## RECORDS SUPPLIED
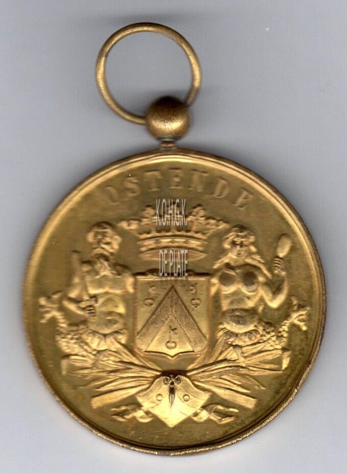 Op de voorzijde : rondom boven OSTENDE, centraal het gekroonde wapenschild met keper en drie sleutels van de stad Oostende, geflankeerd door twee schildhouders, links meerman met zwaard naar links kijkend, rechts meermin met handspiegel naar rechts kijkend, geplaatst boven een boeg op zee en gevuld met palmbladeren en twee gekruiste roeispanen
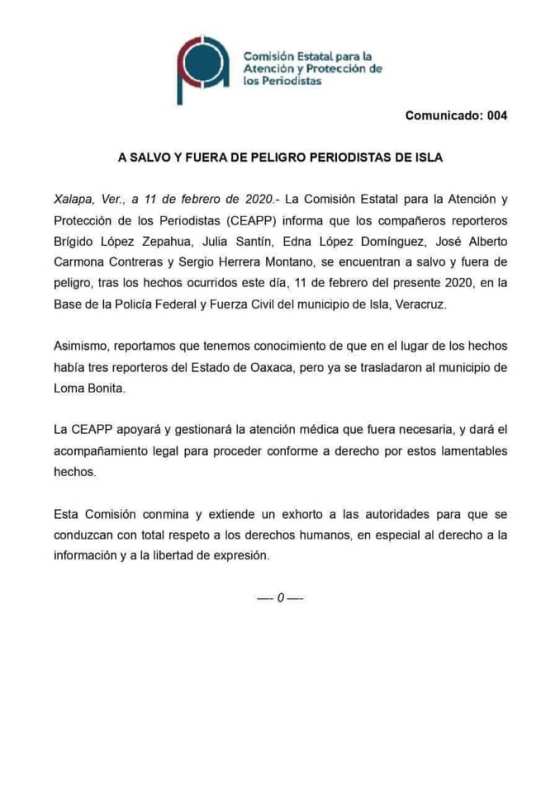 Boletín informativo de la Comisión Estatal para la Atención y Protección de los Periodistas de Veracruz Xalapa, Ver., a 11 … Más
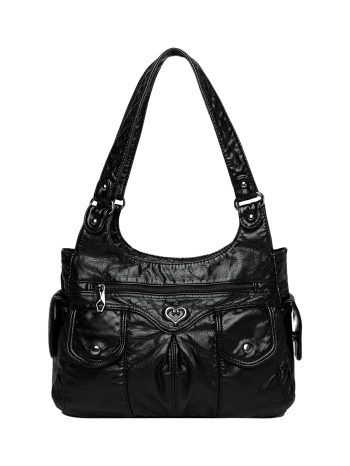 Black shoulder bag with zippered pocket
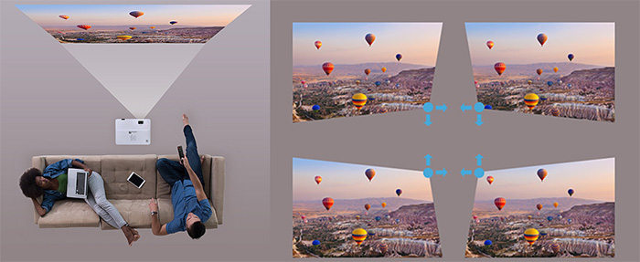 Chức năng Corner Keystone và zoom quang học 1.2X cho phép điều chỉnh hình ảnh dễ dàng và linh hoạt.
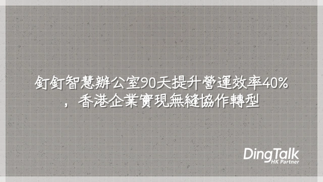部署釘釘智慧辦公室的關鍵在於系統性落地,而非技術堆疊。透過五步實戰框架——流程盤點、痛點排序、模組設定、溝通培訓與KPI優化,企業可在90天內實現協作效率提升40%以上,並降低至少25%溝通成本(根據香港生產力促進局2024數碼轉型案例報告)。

## WORK TASK
The reply should hold only the lines from the first line of the records above through the line containing "Chức năng Corner", copied exactly and without pictures.

## REPLY
 Op de voorzijde : rondom boven OSTENDE, centraal het gekroonde wapenschild met keper en drie sleutels van de stad Oostende, geflankeerd door twee schildhouders, links meerman met zwaard naar links kijkend, rechts meermin met handspiegel naar rechts kijkend, geplaatst boven een boeg op zee en gevuld met palmbladeren en twee gekruiste roeispanen
 Boletín informativo de la Comisión Estatal para la Atención y Protección de los Periodistas de Veracruz Xalapa, Ver., a 11 … Más
 Black shoulder bag with zippered pocket
 Chức năng Corner Keystone và zoom quang học 1.2X cho phép điều chỉnh hình ảnh dễ dàng và linh hoạt.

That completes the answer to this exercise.